The disruption of the sleep–wake cycle is inherently linked with indistinct boundaries between waking and sleeping conscious experience; sleepiness may permeate the waking state and arousal may pervade dreaming (Soffer-Dudek, 2017). This may be particularly true for LD induction as techniques such as reality testing (Levitan and LaBerge, 1989) or the reflection technique (Tholey, 1988) require, to some extent, disruption of sleep hygiene by deliberate confusion of the sleep and waking states (e.g., scheduled awakenings in the middle of the night or asking oneself “am I dreaming?” during the day). The blurring of boundaries between reality and dreaming are theoretically related to psychosis-proneness/schizotypy and dissociative symptoms.

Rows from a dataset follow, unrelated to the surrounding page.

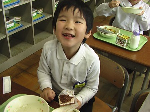 この日のデザートは、クリスマスケーキ。小さなチョコケーキを、とっても美味しそうに味わっていました。子ども達の笑顔に、思わずこちらも笑みがこぼれます。
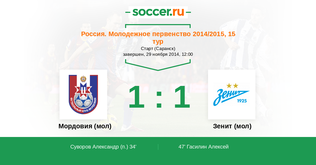 Протокол матча Мордовия (мол) против Зенит (мол)
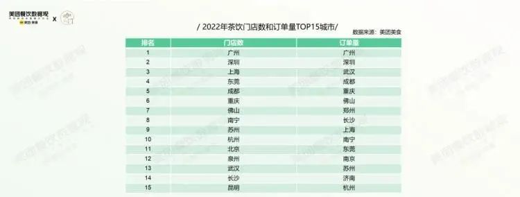 果然不出所料,今年的茶饮订单量和门店数冠军,依然是广州。
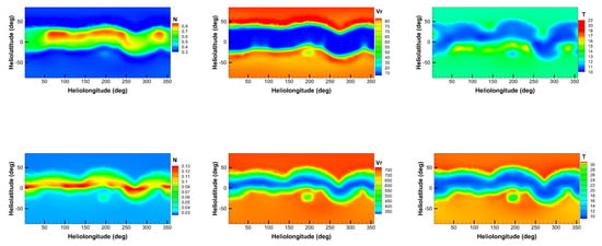 Figure 10 displays the number density, radial speed and temperature maps for the MHD steady-state solution at 2.5 R and 20 R. The left column denotes number density N with unit from top to bottom, the middle column denotes radial speed with unit km/s, the last column denotes temperature T with unit K. Obviously, the number density decreases with radial distance while radial speed increases. The HCS region has high density, low speed and low temperature, whereas the inverse condition is seen at the polar or the open field region.
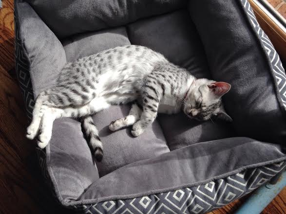 Silkie is doing great. First time I found her sleeping in this bed. Guess she could not resist the sun.
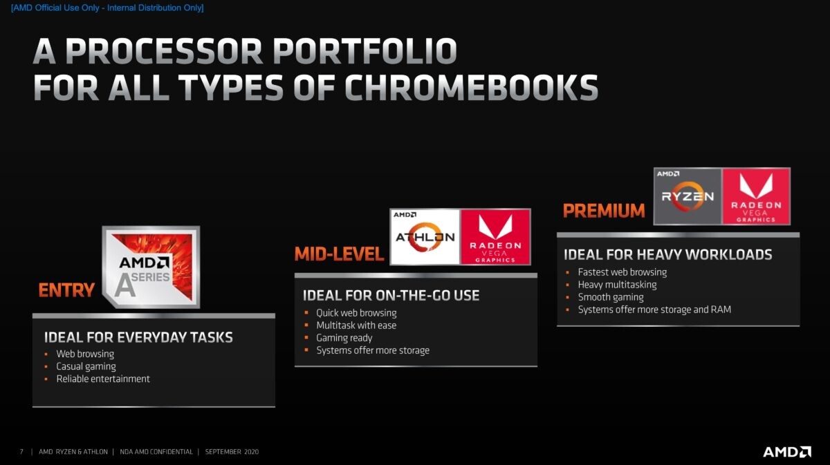 TPU에 따르면 AMD가 Chromebook 플랫폼용 AMD Ryzen 모바일 프로세서 및 AMD Athlon 모바일 프로세서를 발표했다고 합니다. 이전 세대(브리스톨릿지) 대비 최대 178% 빠른 웹 브라우징 경험을 제공한다고 하네요. Google과 공동으로 설계된 AMD Ryzen 및 Athlon 3000 C시리즈 모바일 프로세서 라인업은 2020년 4분기에 출시되는 Acer/ASUS/HP/Lenovo에서 출시되는 Zen 아키텍처 기반의 Chromebook에 탑재된다고 합니다.

Indeed lucid dreamers had impaired reality monitoring, with more confabulatory errors (Corlett et al., 2014), and as mentioned, lucid control was heightened in a psychotic group (Mota et al., 2016). LD were suggested to be part of a continuum pertaining to bizarre cognitions during the day and during the night due to their correlation with dissociation, schizotypy, and unusual sleep experiences (Watson, 2001). Indeed they were associated with parapsychological experiences such as out-of-body experiences and apparitions (Alvarado and Zingrone, 2007). In a longitudinal exploration, Aviram and Soffer-Dudek (2018) demonstrated that those who reported engaging in deliberate LD induction had an increase in schizotypy and dissociative symptoms over the span of the following 2 months. This directional finding, predicting change over time, is superior to cross-sectional designs; however, experimental research exploring possible harmful effects of induction is needed.

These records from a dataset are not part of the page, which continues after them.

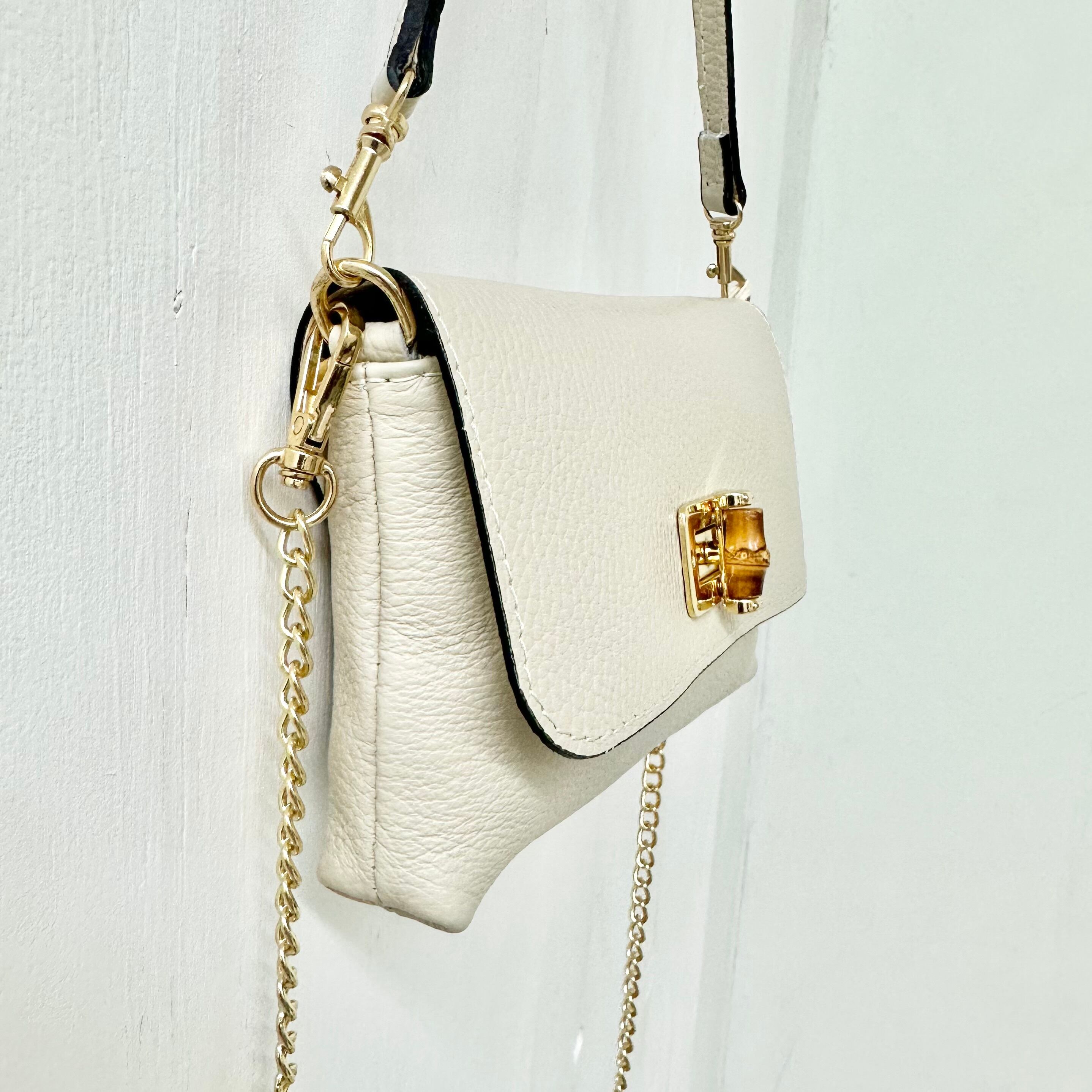 【eterno】シボ革 3WAY ショルダー ミニ バッグ「バンブー」/ BEIGE(ベージュ) made in ITALY
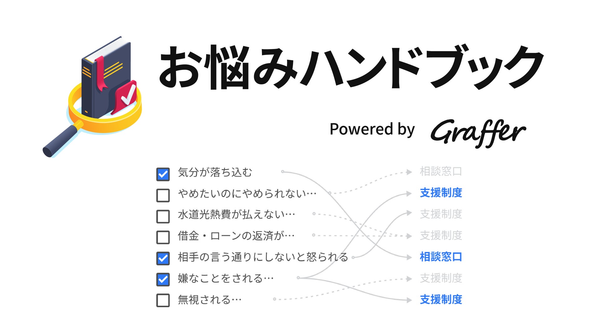 行政サービスのデジタル変革を手掛ける株式会社グラファー(本社:東京都渋谷区、代表取締役:石井大地、以下「グラファー」)は、一人ひとりの悩みに合わせた支援を利用しやすくする新サービス「お悩みハンドブック 全国版」を公開しました。スマートフォン・ウェブから質問に答えていくだけで、自分にあった様々な公的な支援を調べることができます。
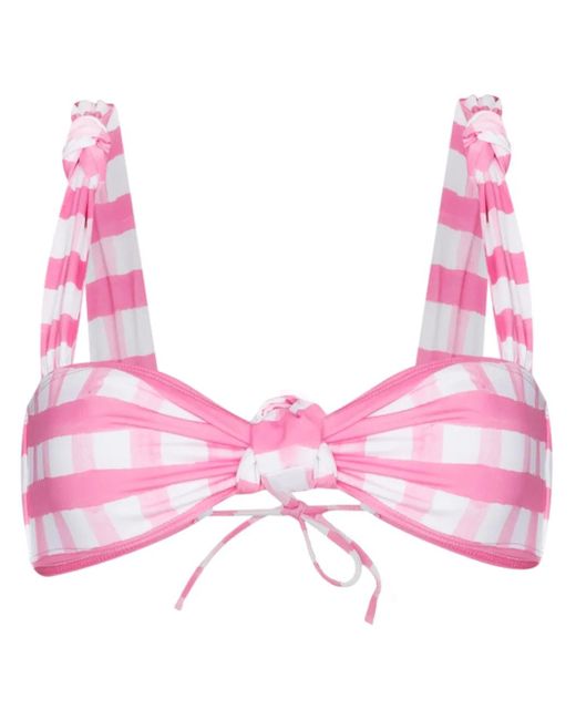 Pink/white stretch-recycled polyester check print knot detailing rear tie fastening wide shoulder straps Be mindful to try on swimwear over your own garments. Size: XXS. Gender: Female. Material:Spandex/Elastane/Recycled Polyester. Colour: pink
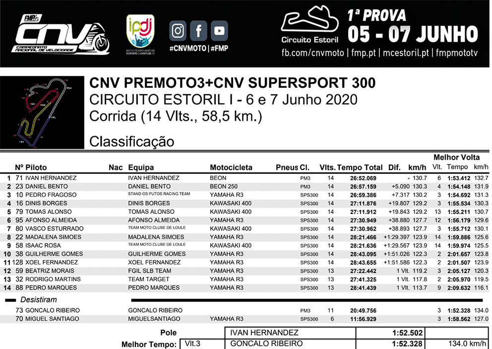 Depois de liderar a prova de Pré-Moto3 na sua BeOn até 4 voltas do fim, o Campeão em título Gonçalo Ribeiro acabou suplantado pela moto semelhante de Ivan Hernandez, deixando Daniel Bento no segundo lugar do pódio com outra BeOn e a primeira R3 da Copa de Supersport 300 do Stand Os Putos colocada em terceiro da geral.

In conclusion, it seems that we may be cultivating a shared blind spot by focusing solely on the possible beneficial effects of LD induction, without taking into account possible risks. Might frequent induction be deleterious to sleep hygiene and sleep–wake psychological boundaries? If so, is it worth it? And do potential risks pertain specifically to vulnerable individuals, e.g., those high in baseline dissociation/schizotypy? We need more research to answer these questions with confidence. I hope LD researchers will consider these questions in their future research.
Author Contributions
The author confirms being the sole contributor of this work and has approved it for publication.
Funding
This research was supported by the Israel Science Foundation Grant No. 539/13 to NSD. The foundation had no involvement in the research other than providing financial support for open access publishing.
Conflict of Interest
The author declares that the research was conducted in the absence of any commercial or financial relationships that could be construed as a potential conflict of interest.
Footnote
1. ^“Lucid Dreaming—Dream Views” Forum (n.d.). Available online at: https://www.dreamviews.com/ (accessed October 2, 2019).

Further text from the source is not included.